Your next question comes from the line of Wendy Wong with RBS. Wendy Wong - RBS: Hi. I just have one question regarding online advertising. I just wonder, your guidance which implies 3%-8% sequential decline, is it just because Sohu has more exposure to the online game advertising than your competitors or is it because we are actually seeing kind of double dip of the online advertising demand in China?
You are talking about the sequential decline, right? Wendy Wong - RBS: Yes. Because based on —
It could — what we have just mentioned, as we outlined in Charles' script, we are seeing weakness from the real estate vertical as well as the online gaming vertical so it is primarily coming from these two verticals. Wendy Wong - RBS: Okay. So based on your recent talk with advertisers, are you seeing a continuing upward change of the demand coming back and confidence gradually building up around the advertisers’ side, or are you seeing they are still cautious about their monthly dollar spending?
We are actually seeing pretty "normal" advertisers' behavior in Q3 other than these two verticals that we have just mentioned. Wendy Wong - RBS: Thank you.
Your last question comes from the line of Wallace Cheung with Credit Suisse. Wallace Cheung - Credit Suisse: Hi. A very quick question regarding (inaudible). I think the main reasons behind —
We can't hear you, Wallace. Wallace Cheung - Credit Suisse: Sorry about that. Okay, let me repeat the question again. It is regarding the sponsor search revenue. There are two strong quarters growth sequentially, any specific reasons behind any reasons related to the Sogo Pinyin? Thank you.
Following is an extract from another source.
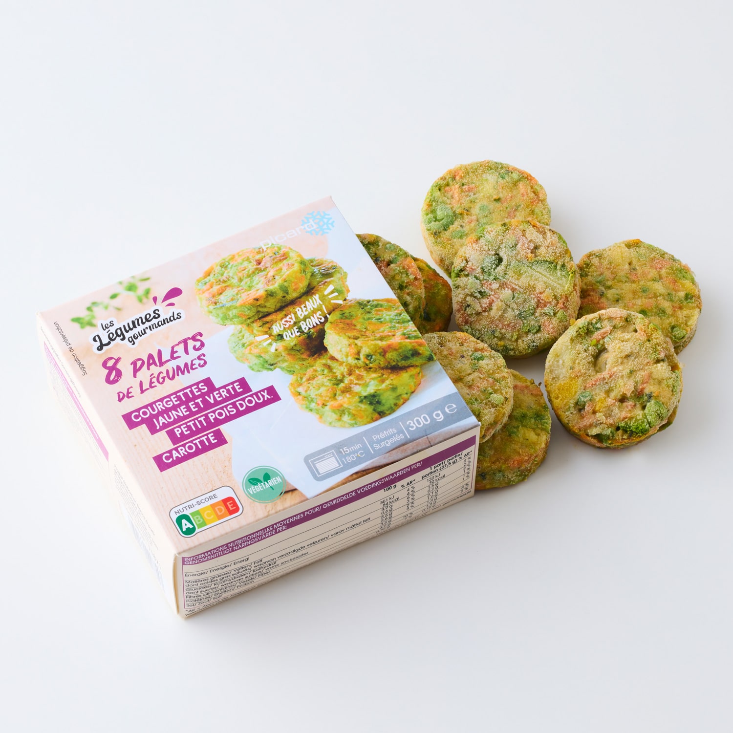 ズッキーニ、グリンピース、にんじん、玉ねぎ、植物油脂、アマニ粉末、卵白粉(卵を含む)、全卵粉、バジル、食塩、ニンニクパウダー、白こしょう、ローズマリー、オレガノ

Yeah. I think the sponsor search still have a small number on the revenue side, but it's doing well now. It's a combined effort of a better Sohu brand because of the Sogo Pinyin and also increased traffic and also a better commercial system that monitors — provides a better mesh of the queries with the advertisers so it's really a combined effort. So it is a small number, but of strong growth, and we also expect the Q4 strong growth and the 2010, but it's something that probably is working a little bit now. Wallace Cheung - Credit Suisse: Is there any plan to have a new strategy on the wireless search side?
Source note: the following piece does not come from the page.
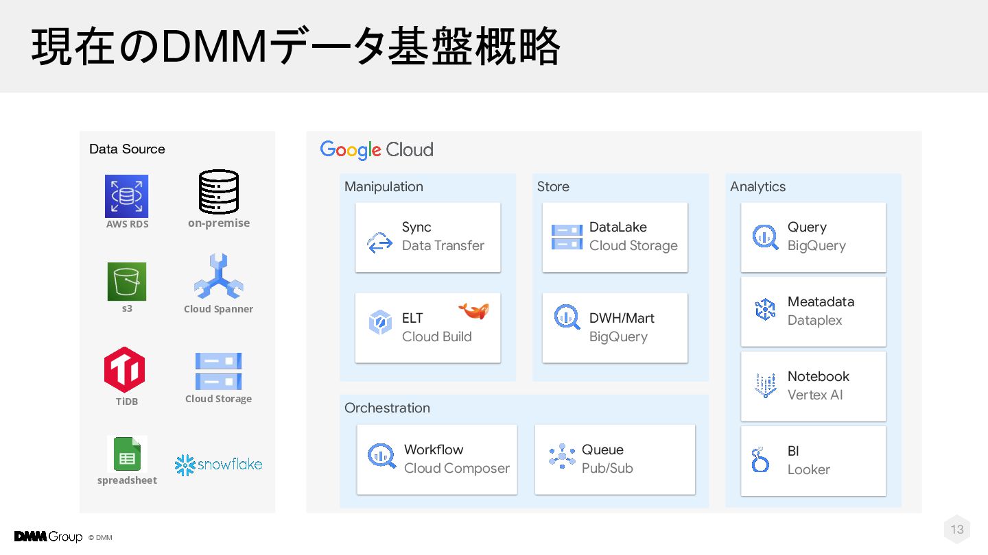 © DMM 現在のDMMデータ基盤概略 13 Cloud Storage TiDB on-premise spreadsheet AWS

Well, yes. We are looking at that, but we believe that wireless search is no different from PC-based search, it is just an extension. So we need to make sure because the WAP search is really — WAP is really not an independent separate category. There are only a limited number of WAP sites so for wireless search it is really about web search so we need to first make sure that Sohu PC-based web search a success, or at least catch up, and have a slice of the pie. And then wireless search is definitely a natural extension. And also we're also looking at the Sogo Pinyin merchant and we hope that we'll be able to repeat the success of Sogo Pinyin on the PC platform and repeat that success with mobile phones. Wallace Cheung - Credit Suisse: Thank you very much.
We are now approaching the end of the conference call. I will now turn the call over to Sohu's Investor Relations Representative from Ogilvie Financial, Mr. Derek Mitchell of Ogilvy Financial for closing remarks. Please proceed.
Thank you, everyone, for joining today's call. If you have any followup questions, please do not hesitate to contact Sohu. Thank you.
Thank you for your participation in today's conference. This concludes the presentation. You may now disconnect. Good day, everyone.